You may have noticed I’ve started posting up photos of the kids again here and at my Flickr account. To be honest this hasn’t been easy to do, not since German pedophiles targeted this blog last July.
I ripped the originally targeted photo of Riley down here and at Flickr. What I didn’t say was in the days – weeks – after ‘they’ kept coming here. Not finding the original photo (not that it was that risque, but still, it didn’t matter I suppose) they then stuck their noses into my archives. It was intrusive and it was agonising.
And yet I see other blogs, hundreds of them, posting up photos of their children and I hope the same thing doesn’t happen to them.
But in that same act, I also see a kind of bravery that cannot be denied.
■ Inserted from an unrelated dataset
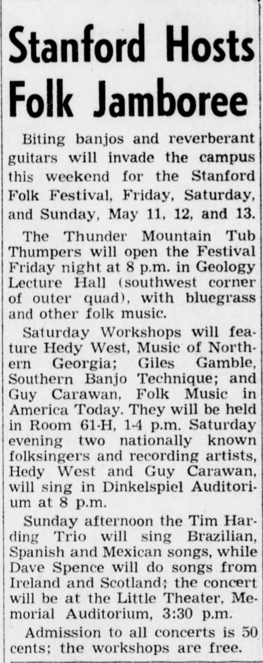 Headliner was Guy Carawan. Hedy West became ill and dropped out. Tub Thumpers took her place.

Sure, criticism has been levelled at all parenting blogs for daring to post any photos of our children at all, but I ask what is the alternative? I mean really? If we were all to just stop we would be denying our need to profess, to declare, the beauty of our offspring and their idiosyncrasies, their joy and their potential. And what kind of world would that be? To let the murkier minority defeat that which was pure of intent and born of pride? Not a world I want to be a part of.
That said, there should be boundaries. At least in my case I feel more comfortable that I have defined some. Each person’s or family’s case is different. We all are. I don’t judge anyone who doesn’t post photos, just the same as I don’t if they choose to use pseudonyms or real names.
Like Ben Lee says, We’re all in this together. My eyes are opened now – they’re not blind to risk. I don’t think they ever were, but I do have a bit of perspective. In years to come, I’ll face lots of other questions – when or if I’ll stop talking about the kids period, let alone post a shot or two. Such is the challenge of blogging for the long-term, I suppose. If I’m still around that long.